# Camping and under 18



## Stuck Inside... (Apr 20, 2011)

I go camping a regular basis with friends and I always like trying someplace new. Unfortunately, as I am under 18 years of age, I can not reserve campsites at any state park as long as all of my friends I am camping with are under 18. I am an experienced backpacker and as any backpacker I do not like restrictions on where I can go. 

I am trying to plan a 3 day trip for Lake Jocassee with some friends but so far all the campsites I have found are on state parks. We were thinking about spending are time canoeing, fishing, and hiking around especially on the bordering Foothills Trail but right now it looks as if we will not be able to, due to no campsites. Any ideas on where to primitive camp on Lake Jocassee on sites other than state parks? 

I understand liability issues, but there are a few responsible boyscouts out there that want to go hiking a little more than their parents are willing to take them...


----------



## artmart (Sep 21, 2010)

Look for hiking or backpacking clubs in the area. Check with sporting good stores if they might have some contacts or recommendations.
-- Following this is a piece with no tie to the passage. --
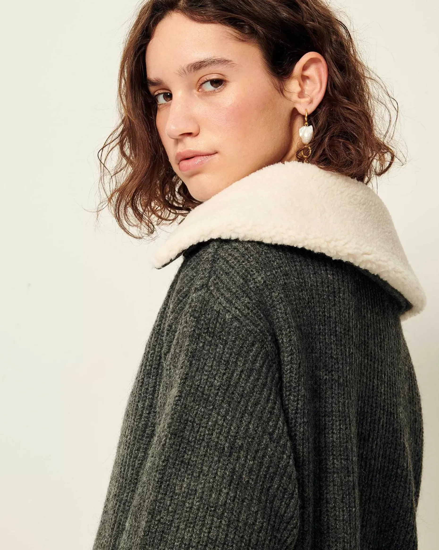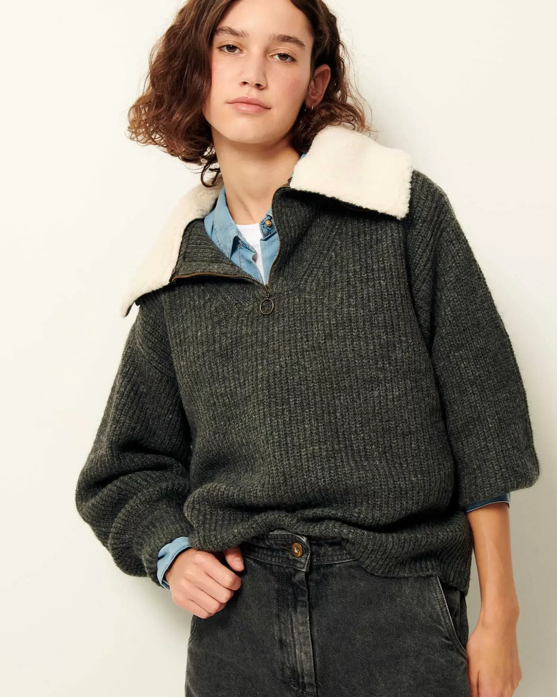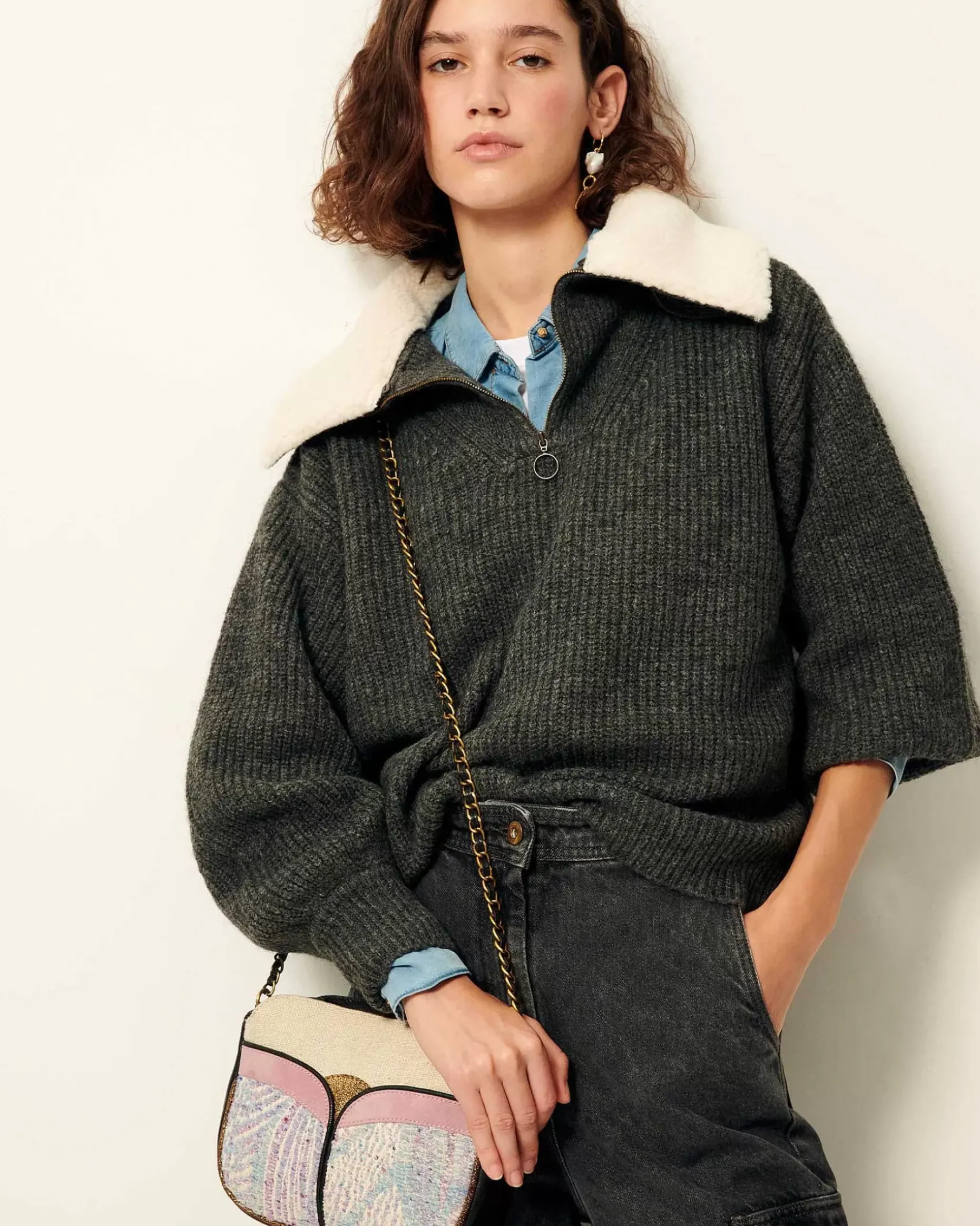 Pulli Mit Troyerkragen Aus Flauschigem, Perlenbesetztem Rippstrick.

I was a scout leader for a "backpacking" troop. We went out almost every month with a couple long weeks per year. It was tough on us old birds but we knew how much the older scouts loved it. I can sense your frustation.

Maybe you can find some clubs or adult organizations you can join. Check them out carefully though.


----------



## thekamperman (Feb 26, 2011)

Follow the advice and investigate the area before going. Nothing substitutes planning!

You can call or email local businesses related to camping to find places and avoid some potential troubles setting camp where it is not allowed. 

Have fun and be safe.


----------



## artmart (Sep 21, 2010)

I remember going over the 10 essentials all the time. I hope you aren't the type that has them all but doesn't use or know how to use them - like map and compass.

Oh, to be young and have a desire to experience the world in it's more natural state. At my advanced age, I have the most difficulty even finding people my age who can still get up there.


----------



## thekamperman (Feb 26, 2011)

Hey Art, you are still young! At least in your heart and also passing a lot of good experiences and knowledge around this forum. 

I know many youngers that, sadly, are already old from inside.


----------



## artmart (Sep 21, 2010)

Thanks Kamperman.... If someone can learn something from my experiences acquired the hard way, then all the better.

I hope Stuck Inside finds a way to get out there. I say if he stays smart, learns all he can, he can share it with others. It does get easier as you get older.


----------



## happiestcamper (Mar 6, 2008)

If you have access to boats, I've heard several people talk about camping on the islands in Jocassee - I don't think there's any restrictions on that.


----------